Simple CUDA program hitting size limits/errors on Windows but not Linux

OP mentioned near the start of the thread that they are using debug builds. Without any switches passed to nvcc, the compiler defaults to a fully optimized “release” build.

A debug build may well be a decimal order of magnitude slower than a fully-optimized release build, and the lowest end GPUs in a given architecture are often a decimal order of magnitude slower than the fastest ones. In addition, the Quadro K620 is also an older architecture than the GTX 1080Ti.

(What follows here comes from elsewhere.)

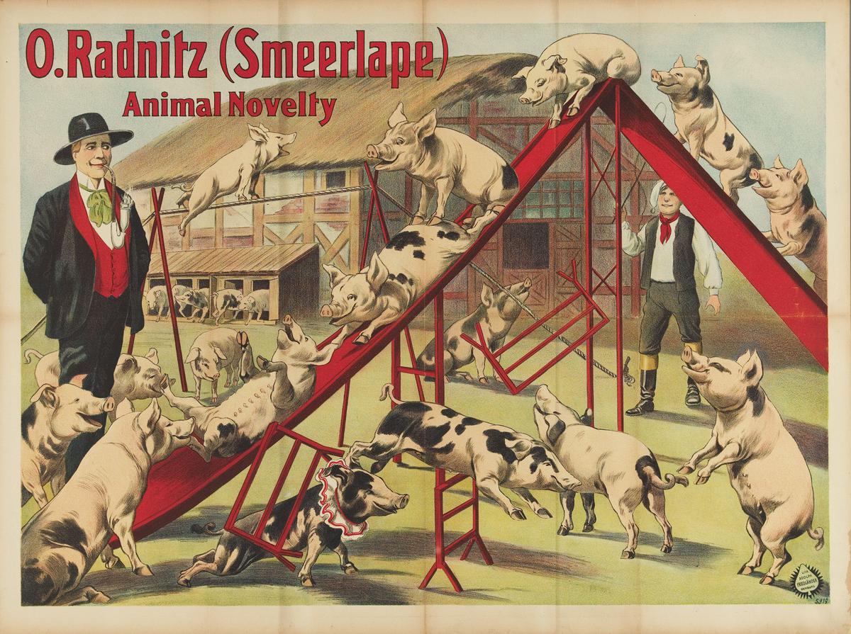 O. Radnitz (Smeerlape) met z'n gedresseerde varkens
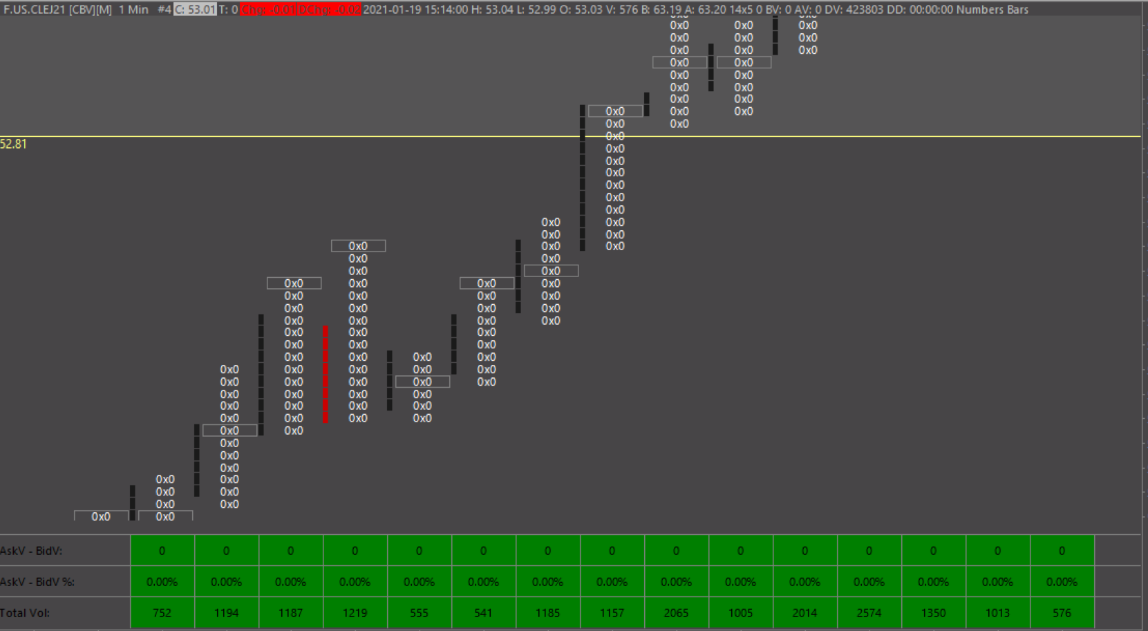 Hello, I have now the Denali Exchange Data Feed and now I often have display errors in the Foodprint Chart. I see only zeros there (see picture). What can be the reason for this? |

I don’t think the entry-level GPUs are designed for efficiency, i.e. optimizing performance / energy consumed. Rather they appear to be designed to hit specific price and performance points within a GPU generation, with the hardware cut down accordingly. As an example, for a long time they were still using slow but cheap DDR3 for GPU memory, and I think this applies to the Quadro K620.

The GT650M I tested now (results above) has DDR5, but the same 128bit bus and core count, 384.
Unless the recent result from the OP above (4,22 seconds) refers to a debug build, then I wouldn’t imagine this gap between DDR3 and DDR5 since K620 theoretical bandwidth is 30GB/s and the GT650M is 90GB/s.

The recent numbers did indeed refer to a debug build.
/Joel

Then it was a pointless comparison.